_Directions_
Please restate word for word the lines of the entries below from the one with "noise of small" to the one with "Allerlei Schneeverhältnisse, zum", inclusive, and leave out every picture.

Excerpts from a dataset:
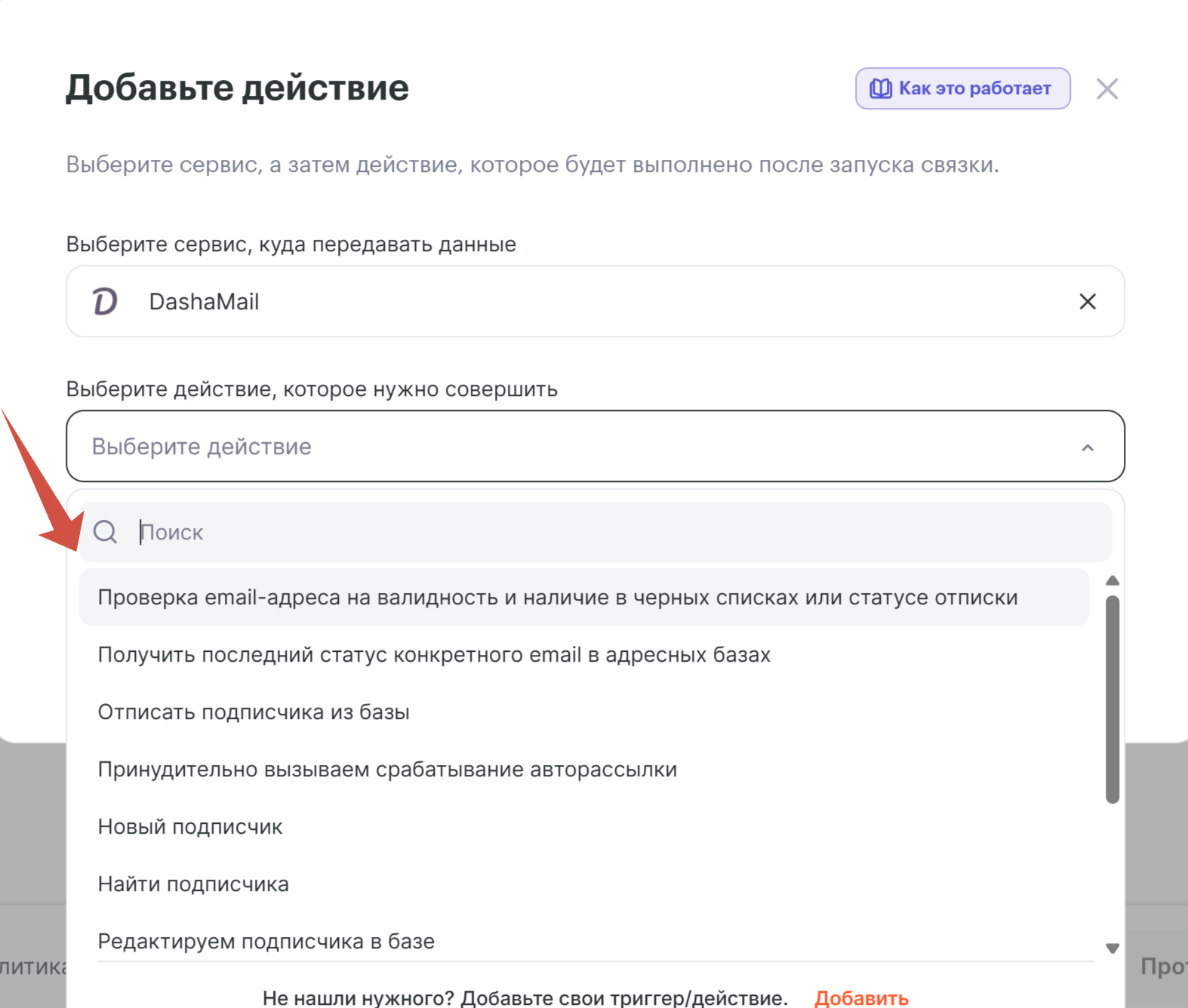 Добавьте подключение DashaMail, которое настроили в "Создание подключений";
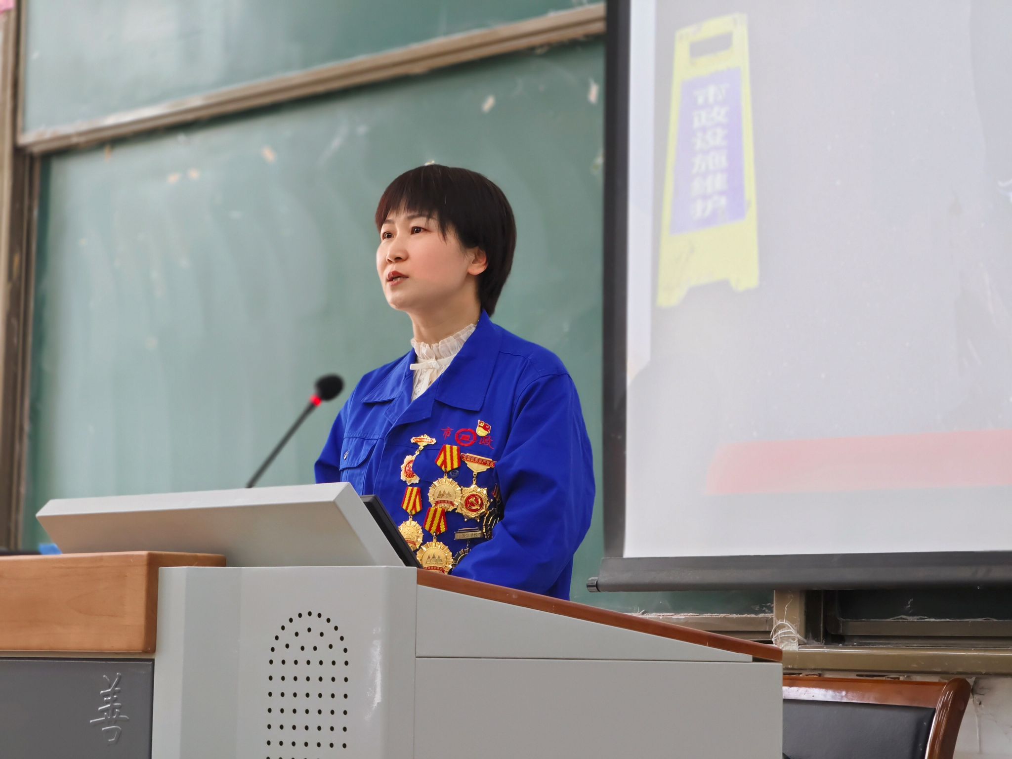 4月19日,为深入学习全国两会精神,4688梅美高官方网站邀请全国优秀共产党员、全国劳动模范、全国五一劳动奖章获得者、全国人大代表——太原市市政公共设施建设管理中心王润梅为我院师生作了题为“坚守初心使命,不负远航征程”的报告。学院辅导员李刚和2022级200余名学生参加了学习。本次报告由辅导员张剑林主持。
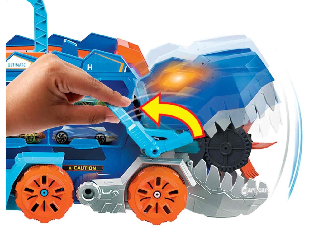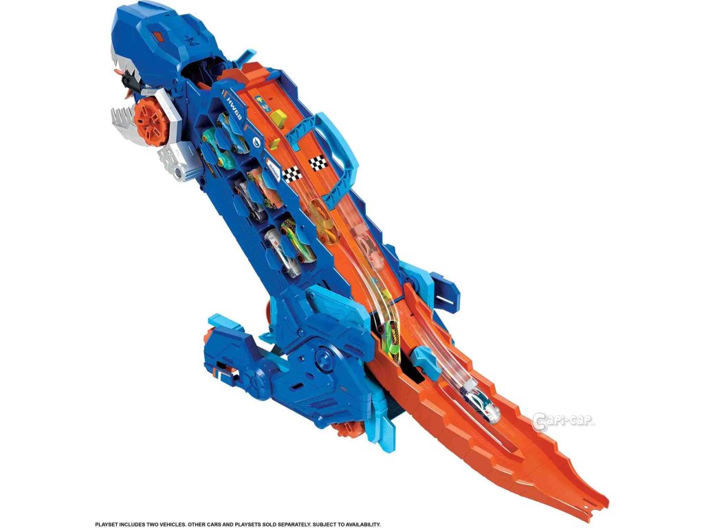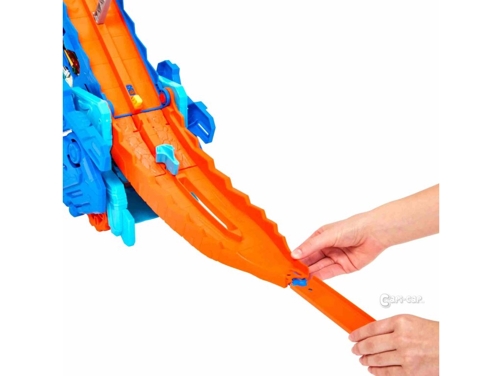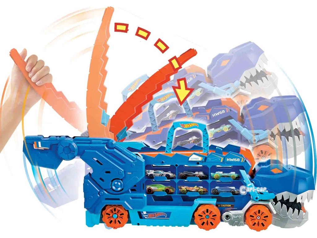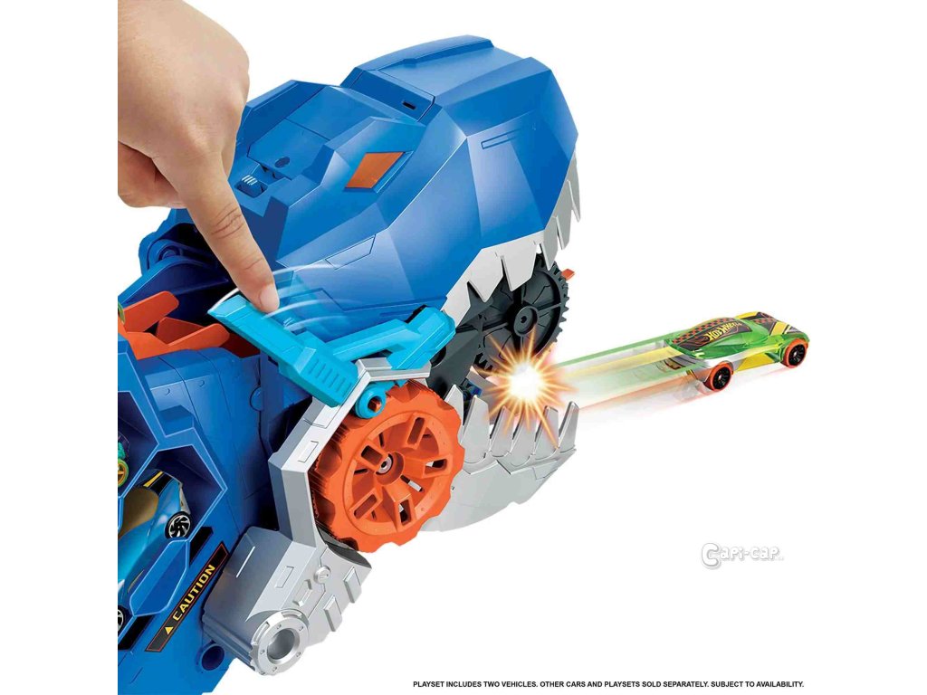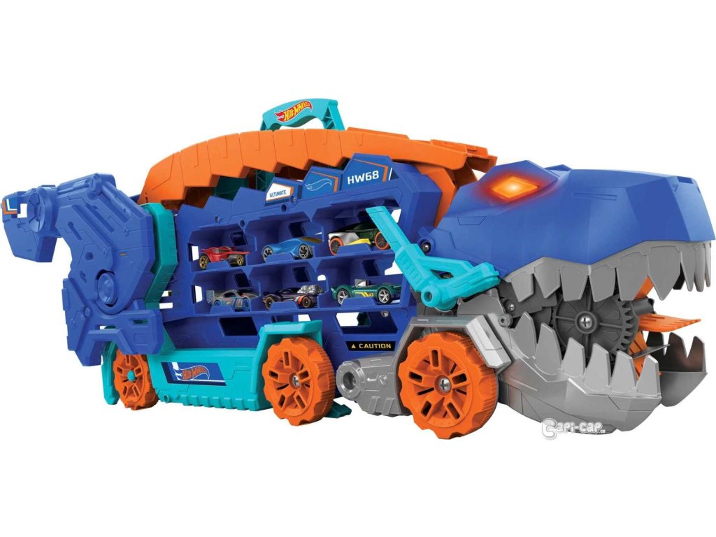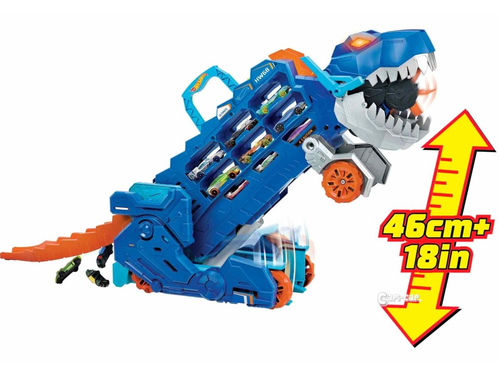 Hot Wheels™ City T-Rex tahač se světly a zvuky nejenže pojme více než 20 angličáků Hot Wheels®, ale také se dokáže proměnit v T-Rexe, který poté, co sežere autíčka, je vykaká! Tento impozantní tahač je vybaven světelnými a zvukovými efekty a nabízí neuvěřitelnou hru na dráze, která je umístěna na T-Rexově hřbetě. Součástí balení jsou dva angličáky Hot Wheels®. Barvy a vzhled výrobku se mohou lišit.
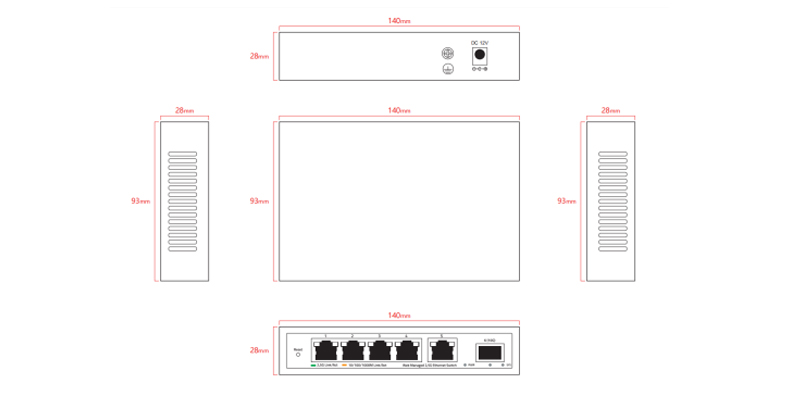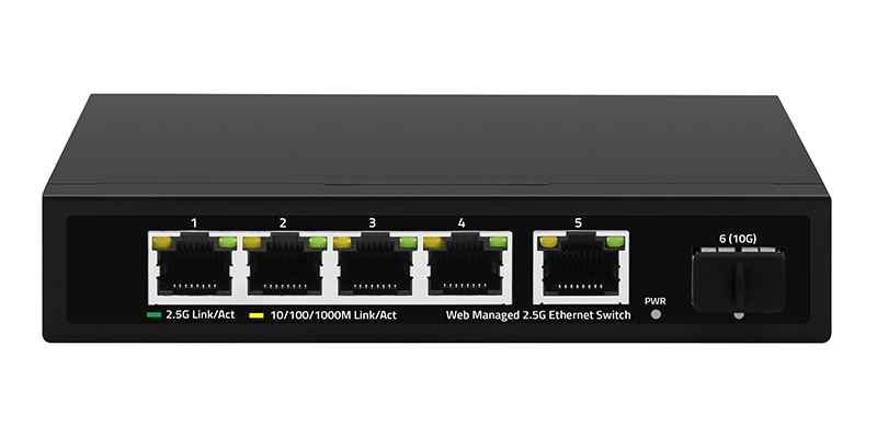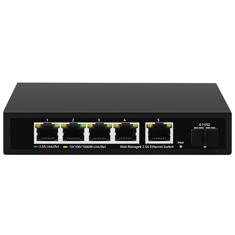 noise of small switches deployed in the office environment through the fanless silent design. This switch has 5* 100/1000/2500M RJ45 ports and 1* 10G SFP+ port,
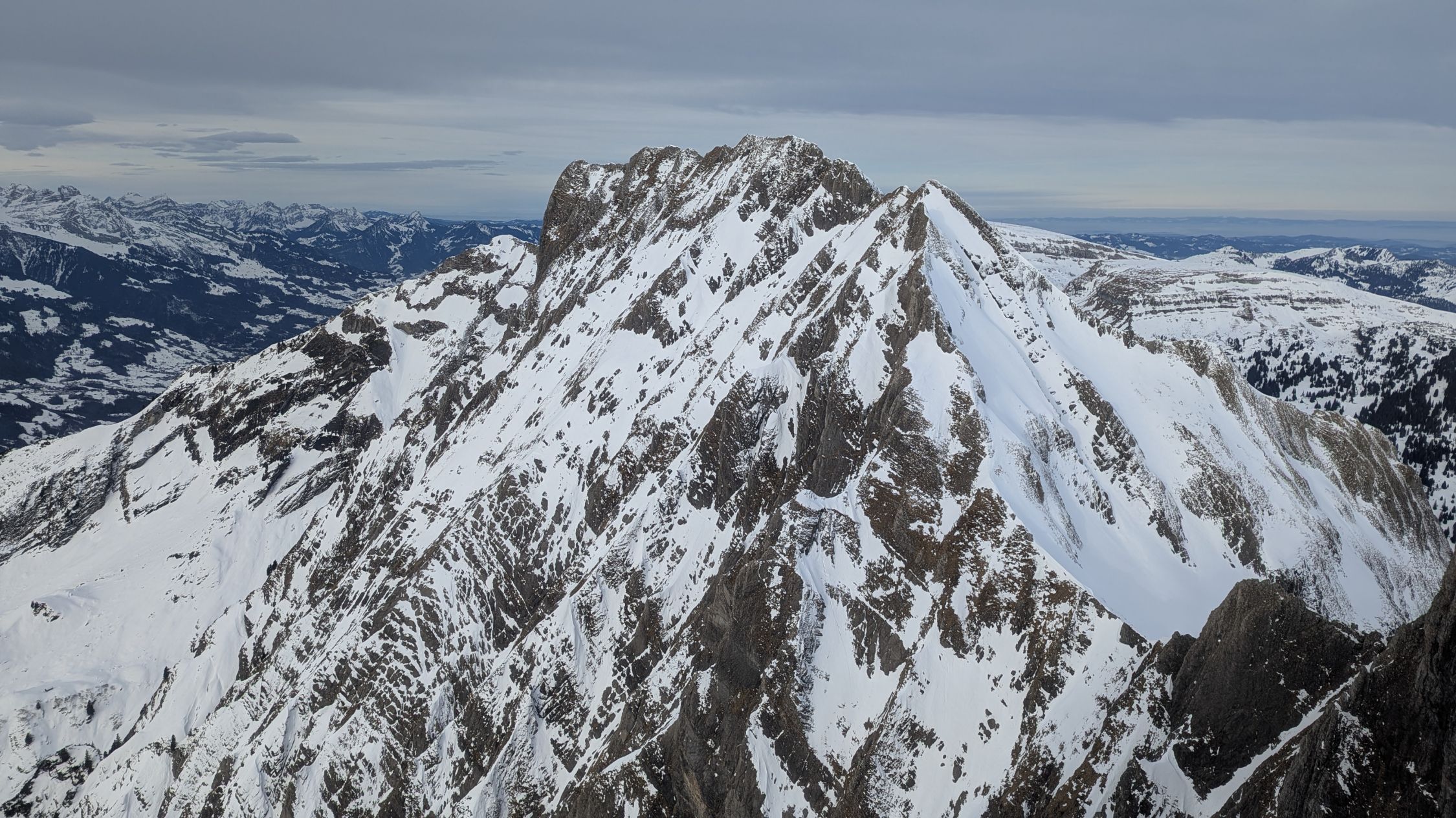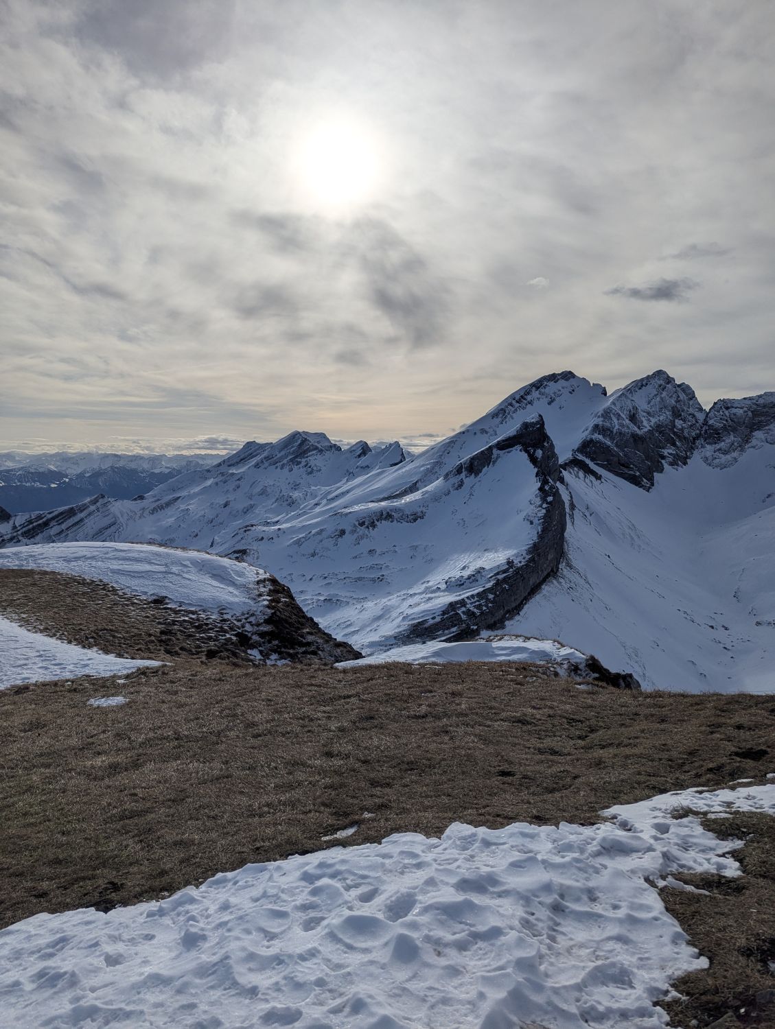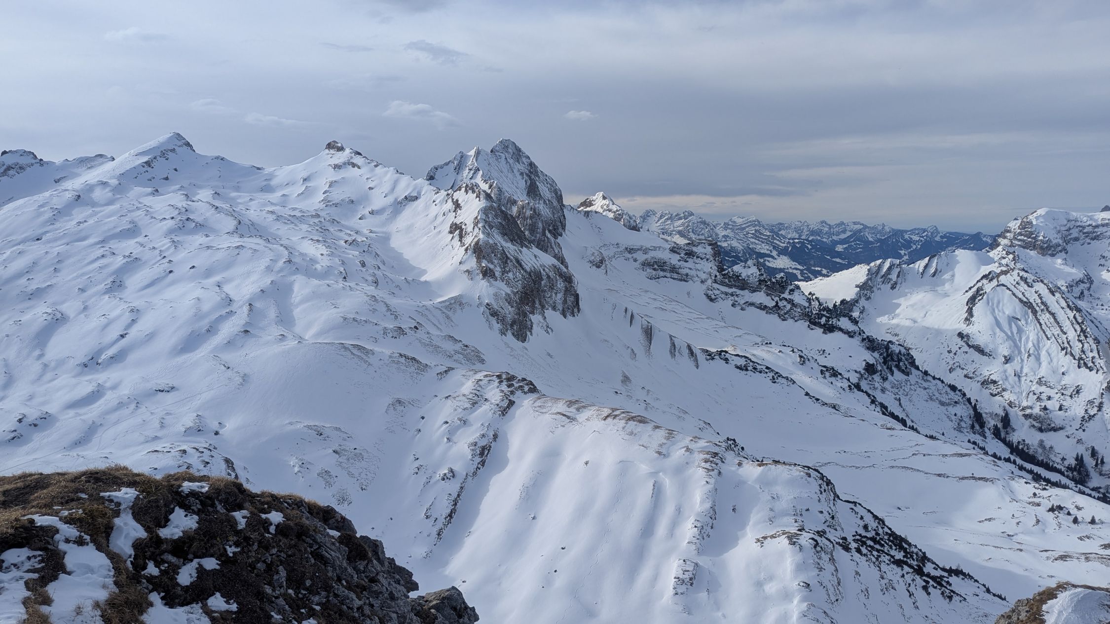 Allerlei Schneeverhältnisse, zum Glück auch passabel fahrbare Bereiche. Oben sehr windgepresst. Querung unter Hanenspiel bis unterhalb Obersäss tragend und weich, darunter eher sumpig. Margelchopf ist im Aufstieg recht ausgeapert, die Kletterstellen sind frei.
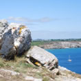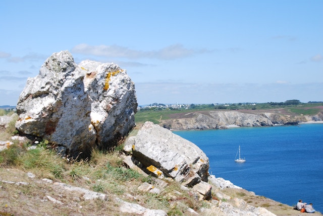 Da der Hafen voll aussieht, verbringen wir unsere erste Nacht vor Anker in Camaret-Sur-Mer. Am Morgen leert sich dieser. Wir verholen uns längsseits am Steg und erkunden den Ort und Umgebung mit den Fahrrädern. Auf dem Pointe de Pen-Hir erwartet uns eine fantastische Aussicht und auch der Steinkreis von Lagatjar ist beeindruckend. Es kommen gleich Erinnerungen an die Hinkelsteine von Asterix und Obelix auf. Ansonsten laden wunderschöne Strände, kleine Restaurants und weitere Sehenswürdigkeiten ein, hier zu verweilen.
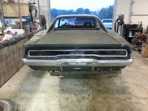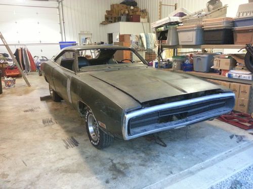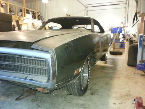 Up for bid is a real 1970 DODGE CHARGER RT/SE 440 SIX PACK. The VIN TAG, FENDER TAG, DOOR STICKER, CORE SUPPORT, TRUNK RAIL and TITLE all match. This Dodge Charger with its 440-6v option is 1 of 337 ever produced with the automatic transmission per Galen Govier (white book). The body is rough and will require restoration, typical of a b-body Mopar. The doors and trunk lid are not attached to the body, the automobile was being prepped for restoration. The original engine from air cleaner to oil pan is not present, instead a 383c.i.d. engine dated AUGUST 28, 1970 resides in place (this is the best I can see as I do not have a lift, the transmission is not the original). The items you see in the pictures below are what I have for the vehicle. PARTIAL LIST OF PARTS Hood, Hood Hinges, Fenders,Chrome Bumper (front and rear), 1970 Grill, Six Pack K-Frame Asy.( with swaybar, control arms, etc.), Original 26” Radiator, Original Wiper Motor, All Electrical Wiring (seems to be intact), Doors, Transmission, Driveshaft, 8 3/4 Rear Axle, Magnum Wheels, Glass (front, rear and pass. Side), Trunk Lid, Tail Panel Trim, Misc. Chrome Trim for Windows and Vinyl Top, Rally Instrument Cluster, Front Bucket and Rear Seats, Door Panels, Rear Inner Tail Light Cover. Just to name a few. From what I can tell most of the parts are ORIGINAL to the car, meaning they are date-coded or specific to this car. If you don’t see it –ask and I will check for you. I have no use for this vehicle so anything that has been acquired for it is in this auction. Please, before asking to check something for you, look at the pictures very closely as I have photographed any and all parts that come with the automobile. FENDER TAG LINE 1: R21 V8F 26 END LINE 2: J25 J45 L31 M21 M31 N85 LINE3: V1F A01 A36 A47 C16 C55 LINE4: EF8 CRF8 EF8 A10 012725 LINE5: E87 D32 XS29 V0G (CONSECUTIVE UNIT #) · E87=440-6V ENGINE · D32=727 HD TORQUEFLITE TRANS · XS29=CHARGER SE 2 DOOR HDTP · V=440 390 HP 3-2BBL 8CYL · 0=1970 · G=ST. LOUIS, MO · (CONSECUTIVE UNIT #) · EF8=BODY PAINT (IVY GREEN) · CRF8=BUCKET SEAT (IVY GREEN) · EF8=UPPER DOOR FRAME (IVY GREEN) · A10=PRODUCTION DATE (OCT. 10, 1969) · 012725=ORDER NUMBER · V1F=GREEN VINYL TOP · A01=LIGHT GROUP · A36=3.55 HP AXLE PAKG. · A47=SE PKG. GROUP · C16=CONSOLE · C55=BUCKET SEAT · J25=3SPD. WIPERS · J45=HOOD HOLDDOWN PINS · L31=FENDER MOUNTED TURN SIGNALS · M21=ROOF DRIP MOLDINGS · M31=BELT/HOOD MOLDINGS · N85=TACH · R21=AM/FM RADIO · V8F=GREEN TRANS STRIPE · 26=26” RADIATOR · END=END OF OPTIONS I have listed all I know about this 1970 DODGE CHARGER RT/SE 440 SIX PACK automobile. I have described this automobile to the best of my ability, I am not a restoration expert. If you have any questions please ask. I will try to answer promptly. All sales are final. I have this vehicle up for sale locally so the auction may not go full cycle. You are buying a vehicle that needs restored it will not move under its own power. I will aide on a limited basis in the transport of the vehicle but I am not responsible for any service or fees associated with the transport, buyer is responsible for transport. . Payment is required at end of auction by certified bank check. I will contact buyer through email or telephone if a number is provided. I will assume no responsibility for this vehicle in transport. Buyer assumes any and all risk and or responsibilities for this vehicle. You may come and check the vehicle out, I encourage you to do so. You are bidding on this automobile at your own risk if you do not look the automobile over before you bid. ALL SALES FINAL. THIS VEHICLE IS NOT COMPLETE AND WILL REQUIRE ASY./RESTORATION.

_Exercise solution_
 noise of small switches deployed in the office environment through the fanless silent design. This switch has 5* 100/1000/2500M RJ45 ports and 1* 10G SFP+ port,
 Allerlei Schneeverhältnisse, zum Glück auch passabel fahrbare Bereiche. Oben sehr windgepresst. Querung unter Hanenspiel bis unterhalb Obersäss tragend und weich, darunter eher sumpig. Margelchopf ist im Aufstieg recht ausgeapert, die Kletterstellen sind frei.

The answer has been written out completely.